Requirement. Please transcribe the data exactly as shown, skipping the images.

(Data excerpts)
Start of Block

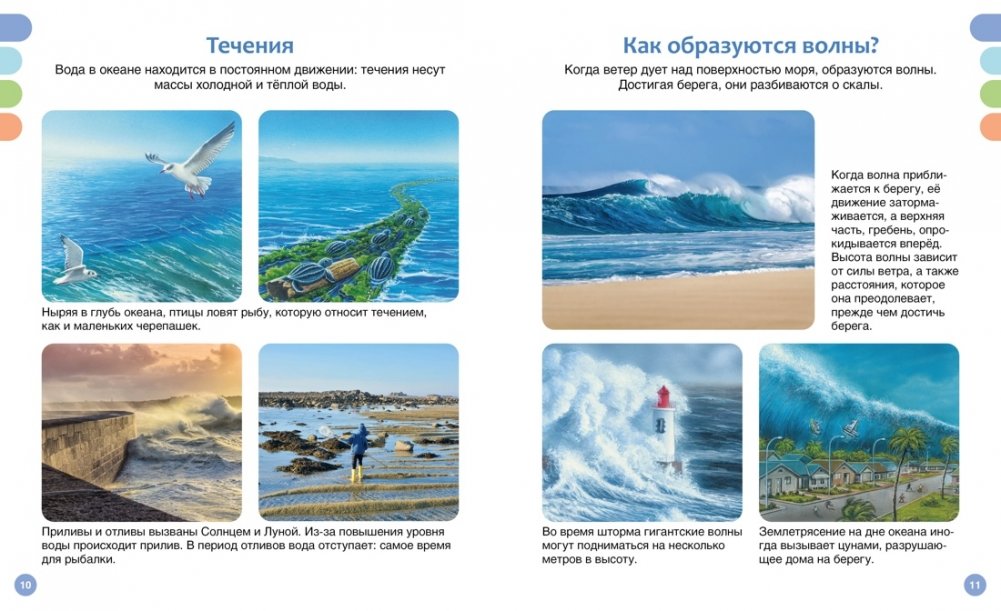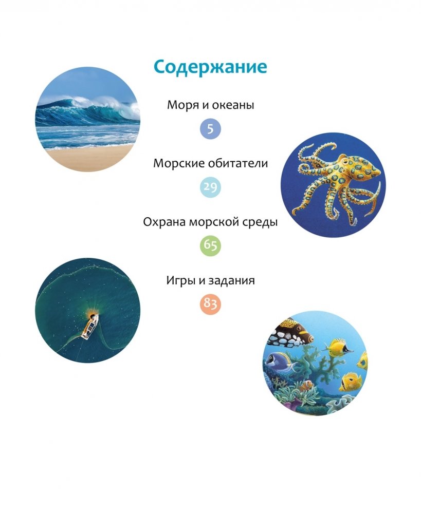 В этой книге рассказывается о морях и океанах нашей планеты. Юные читатели узнают, как передвигаются офиуры, почему ламантина называют морской коровой, где обитают дюгони и кто такие асцидии, рассмотрят разные виды акул и скатов, выяснят, как образуются волны и дюны, а также чем отличаются океаны друг от друга. В книгах серии – только самая актуальная информация и самые современные иллюстрации! И это ещё не всё: в конце каждой книжки собраны увлекательные задания и игры, которые помогут весело провести время и повторить изученное.
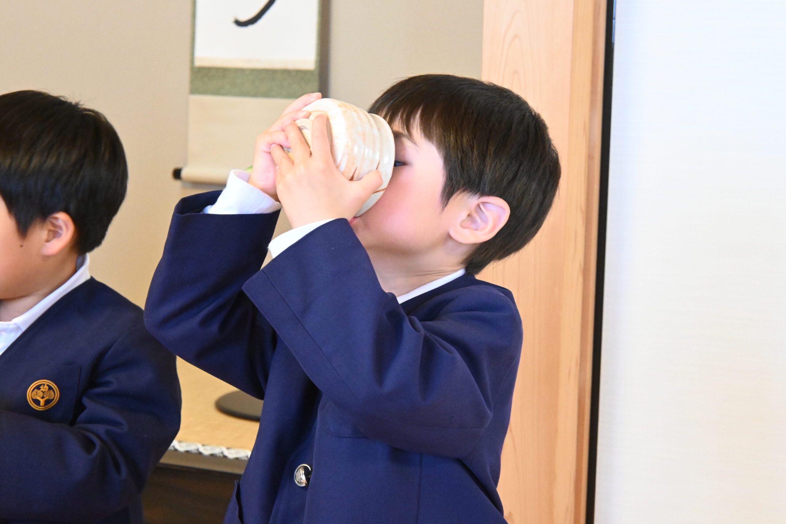 初めて茶室に入って初めての茶道をしました。少し緊張していたようですが、お茶菓子を口にすると笑顔が見られました。お辞儀の仕方や人への気づかいを学びました。次回も楽しみですね。
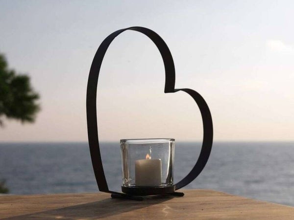 Decoratieve harten van metaal met een klein windlichtje in een gebogen look. Edel, modern design, perfect in elke sfeer.
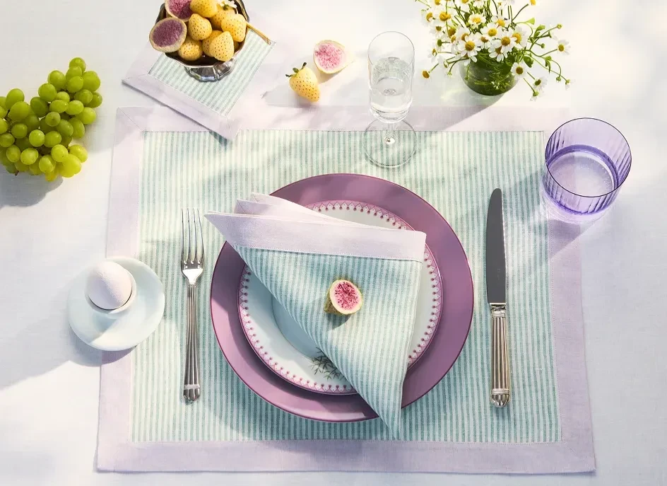 Салфетка подстановочная из 100% белого льна в зеленую полоску с пришивным лиловым кантом. Коллекция Countryside создана для сервировки стола вашего загородного дома. Классический дизайн в виде полос идеально подойдет для любого случая, сочетая практичность и французский стиль.
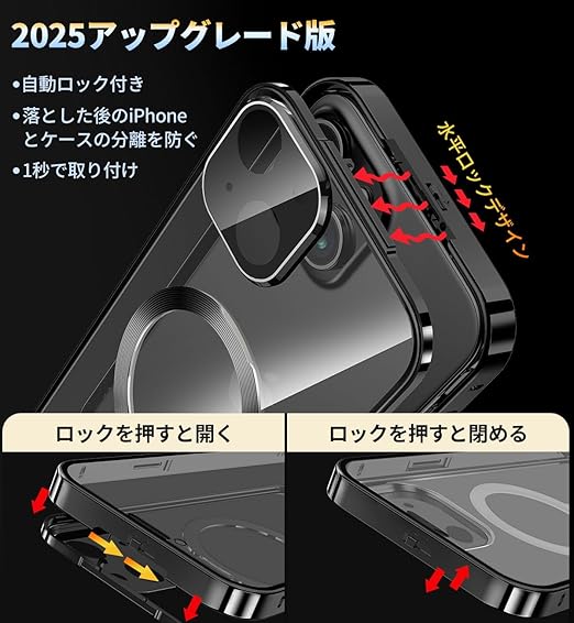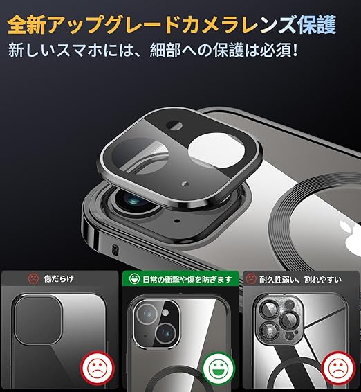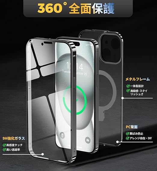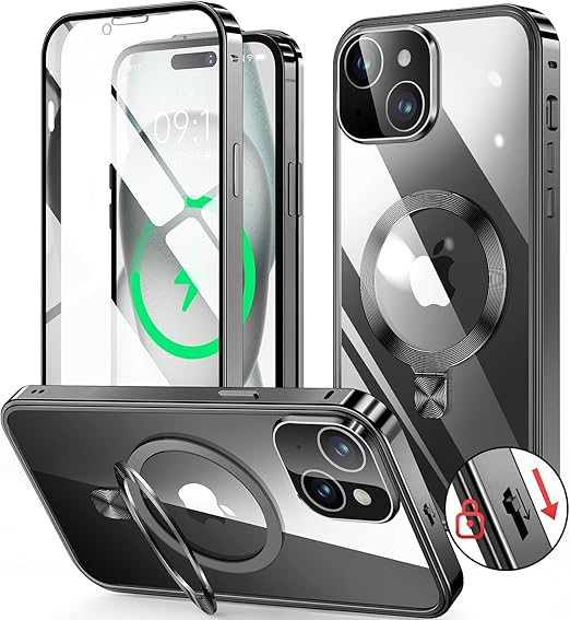 HGUTREY【スタンド機能付き・アクションボタン】 iPhone15 用 ケース クリア 【ロック付き】【CDリング・MagSafe対応】 9H強化ガラス PC背面 カメラレンズ保護 アイフォン15 ケース 両面 ストラップホール付き アルミバンパーケース メタルフレーム 耐衝撃 高感度タッチ ワイヤレス充電対応 アイホン15 用 ケース 6.1インチ(ブラック) a
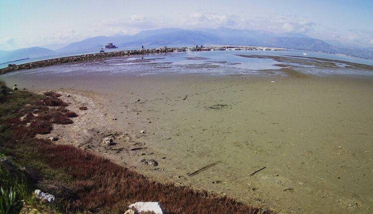 Σε εξέλιξη βρίσκεται το φαινόμενο της άμπωτης στο Ναύπλιο, αποτέλεσμα της παλίρροιας.
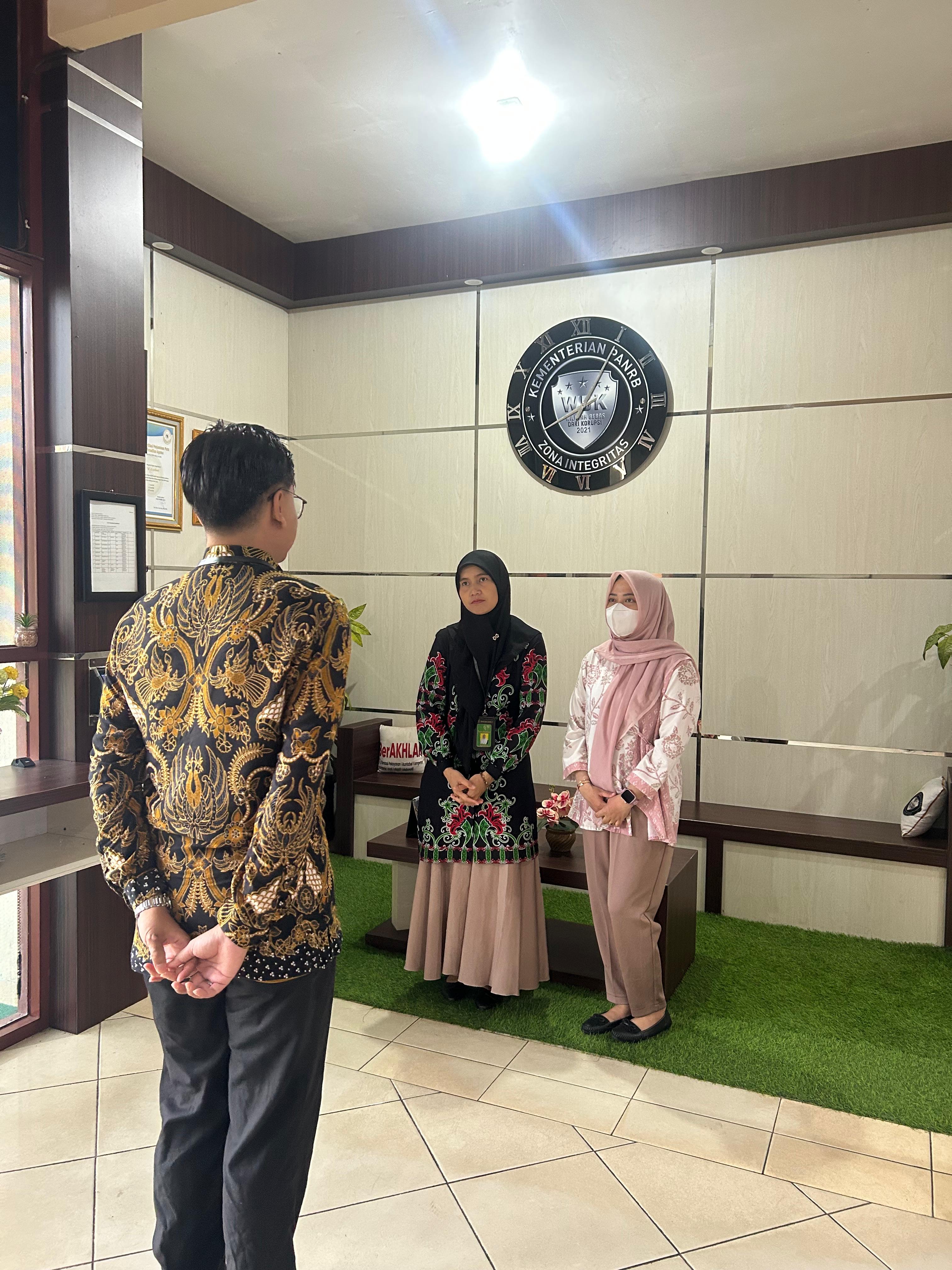 Pengadilan Agama Sampit Kelas IB kembali melaksanakan kegiatan rutin briefing pagi untuk tenaga outsourcing pada Kamis, 11 Desember 2025. Briefing yang berlangsung di area lobby pelayanan ini dipimpin oleh Plt. Kasubbag Umum & Keuangan, Dwira Kurnianto Widodo, S.T., dan dihadiri oleh dua tenaga outsourcing, Miftahu Rahmah dan Desy Ratnasari.
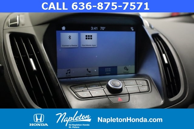 This Escape is well equipped with Equipment Group 201A, SE Cold Weather Package (110V/150W AC Power Outlet, All-Weather Floor Mats (Front & Rear), Heated Front Seats, Supplemental PTC Heater, and Windshield Wiper De-Icer), SE Technology Package (9 Speakers, Black Roof-Rack Side Rails, BLIS w/Cross Traffic Alert, Halogen Projector Headlamps, One-Touch-Up/Down Front & Rear Windows, Reverse Sensing System, SYNC 3 Communications & Entertainment System, and SYNC Connect), 3.21 Axle Ratio, 4-Wheel Disc Brakes, 6 Speakers, ABS brakes, Air Conditioning, Alloy wheels, AM/FM radio: SiriusXM, Automatic temperature control, Brake assist, Bumpers: body-color, CD player, Compass, Delay-off headlights, Driver door bin, Driver vanity mirror, Dual front impact airbags, Dual front side impact airbags, Electronic Stability Control, Emergency communication system: 911 Assist, Exterior Parking Camera Rear, Four wheel independent suspension, Front anti-roll bar, Front Bucket Seats, Front Center Armrest, Front dual zone A/C, Front fog lights, Front reading lights, Fully automatic headlights, Illuminated entry, Knee airbag, Low tire pressure warning, Occupant sensing airbag, Outside temperature display, Overhead airbag, Overhead console, Panic alarm, Passenger door bin, Passenger vanity mirror, Power door mirrors, Power driver seat, Power steering, Power windows, Radio data system, Radio: AM/FM Single CD/MP3, Rear anti-roll bar, Rear seat center armrest, Rear window defroster, Rear window wiper, Remote keyless entry, Speed control, Speed-sensing steering, Split folding rear seat, Steering wheel mounted audio controls, SYNC Communications & Entertainment System, Tachometer, Telescoping steering wheel, Tilt steering wheel, Traction control, Trip computer, Unique Cloth Buckets w/60/40 Split Rear Seat, Variably intermittent wipers, and Wheels: 17" Sparkle Silver Painted Aluminum.
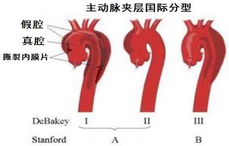 主动脉夹层最常用的分型或分类系统为DeBakey分型和Standford分型,根据夹层的起源及受累的部位分为三型:
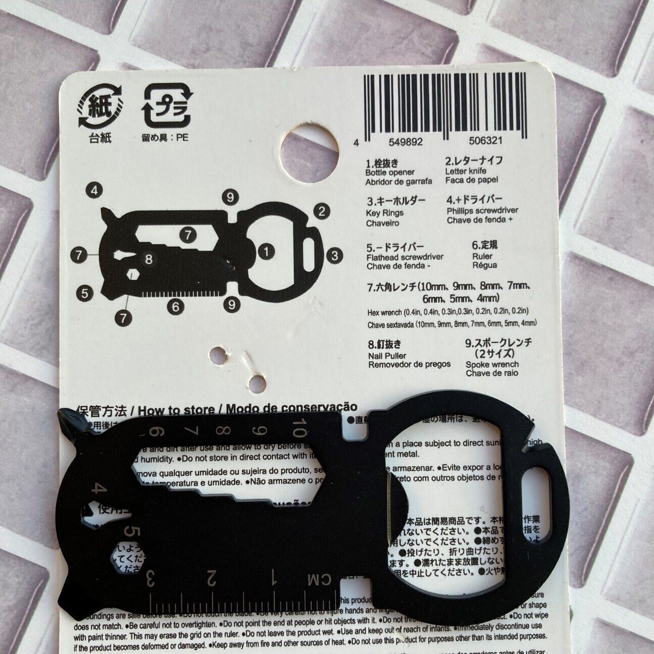 今回ご紹介するのは、9つの便利ツールがひとつになった「マルチツール(キーホルダー型)」というアイテム。価格は110円です。

End of Block

Solution to this exercise.
 В этой книге рассказывается о морях и океанах нашей планеты. Юные читатели узнают, как передвигаются офиуры, почему ламантина называют морской коровой, где обитают дюгони и кто такие асцидии, рассмотрят разные виды акул и скатов, выяснят, как образуются волны и дюны, а также чем отличаются океаны друг от друга. В книгах серии – только самая актуальная информация и самые современные иллюстрации! И это ещё не всё: в конце каждой книжки собраны увлекательные задания и игры, которые помогут весело провести время и повторить изученное.
 初めて茶室に入って初めての茶道をしました。少し緊張していたようですが、お茶菓子を口にすると笑顔が見られました。お辞儀の仕方や人への気づかいを学びました。次回も楽しみですね。
 Decoratieve harten van metaal met een klein windlichtje in een gebogen look. Edel, modern design, perfect in elke sfeer.
 Салфетка подстановочная из 100% белого льна в зеленую полоску с пришивным лиловым кантом. Коллекция Countryside создана для сервировки стола вашего загородного дома. Классический дизайн в виде полос идеально подойдет для любого случая, сочетая практичность и французский стиль.
 HGUTREY【スタンド機能付き・アクションボタン】 iPhone15 用 ケース クリア 【ロック付き】【CDリング・MagSafe対応】 9H強化ガラス PC背面 カメラレンズ保護 アイフォン15 ケース 両面 ストラップホール付き アルミバンパーケース メタルフレーム 耐衝撃 高感度タッチ ワイヤレス充電対応 アイホン15 用 ケース 6.1インチ(ブラック) a
 Σε εξέλιξη βρίσκεται το φαινόμενο της άμπωτης στο Ναύπλιο, αποτέλεσμα της παλίρροιας.
 Pengadilan Agama Sampit Kelas IB kembali melaksanakan kegiatan rutin briefing pagi untuk tenaga outsourcing pada Kamis, 11 Desember 2025. Briefing yang berlangsung di area lobby pelayanan ini dipimpin oleh Plt. Kasubbag Umum & Keuangan, Dwira Kurnianto Widodo, S.T., dan dihadiri oleh dua tenaga outsourcing, Miftahu Rahmah dan Desy Ratnasari.
 This Escape is well equipped with Equipment Group 201A, SE Cold Weather Package (110V/150W AC Power Outlet, All-Weather Floor Mats (Front & Rear), Heated Front Seats, Supplemental PTC Heater, and Windshield Wiper De-Icer), SE Technology Package (9 Speakers, Black Roof-Rack Side Rails, BLIS w/Cross Traffic Alert, Halogen Projector Headlamps, One-Touch-Up/Down Front & Rear Windows, Reverse Sensing System, SYNC 3 Communications & Entertainment System, and SYNC Connect), 3.21 Axle Ratio, 4-Wheel Disc Brakes, 6 Speakers, ABS brakes, Air Conditioning, Alloy wheels, AM/FM radio: SiriusXM, Automatic temperature control, Brake assist, Bumpers: body-color, CD player, Compass, Delay-off headlights, Driver door bin, Driver vanity mirror, Dual front impact airbags, Dual front side impact airbags, Electronic Stability Control, Emergency communication system: 911 Assist, Exterior Parking Camera Rear, Four wheel independent suspension, Front anti-roll bar, Front Bucket Seats, Front Center Armrest, Front dual zone A/C, Front fog lights, Front reading lights, Fully automatic headlights, Illuminated entry, Knee airbag, Low tire pressure warning, Occupant sensing airbag, Outside temperature display, Overhead airbag, Overhead console, Panic alarm, Passenger door bin, Passenger vanity mirror, Power door mirrors, Power driver seat, Power steering, Power windows, Radio data system, Radio: AM/FM Single CD/MP3, Rear anti-roll bar, Rear seat center armrest, Rear window defroster, Rear window wiper, Remote keyless entry, Speed control, Speed-sensing steering, Split folding rear seat, Steering wheel mounted audio controls, SYNC Communications & Entertainment System, Tachometer, Telescoping steering wheel, Tilt steering wheel, Traction control, Trip computer, Unique Cloth Buckets w/60/40 Split Rear Seat, Variably intermittent wipers, and Wheels: 17" Sparkle Silver Painted Aluminum.
 主动脉夹层最常用的分型或分类系统为DeBakey分型和Standford分型,根据夹层的起源及受累的部位分为三型:
 今回ご紹介するのは、9つの便利ツールがひとつになった「マルチツール(キーホルダー型)」というアイテム。価格は110円です。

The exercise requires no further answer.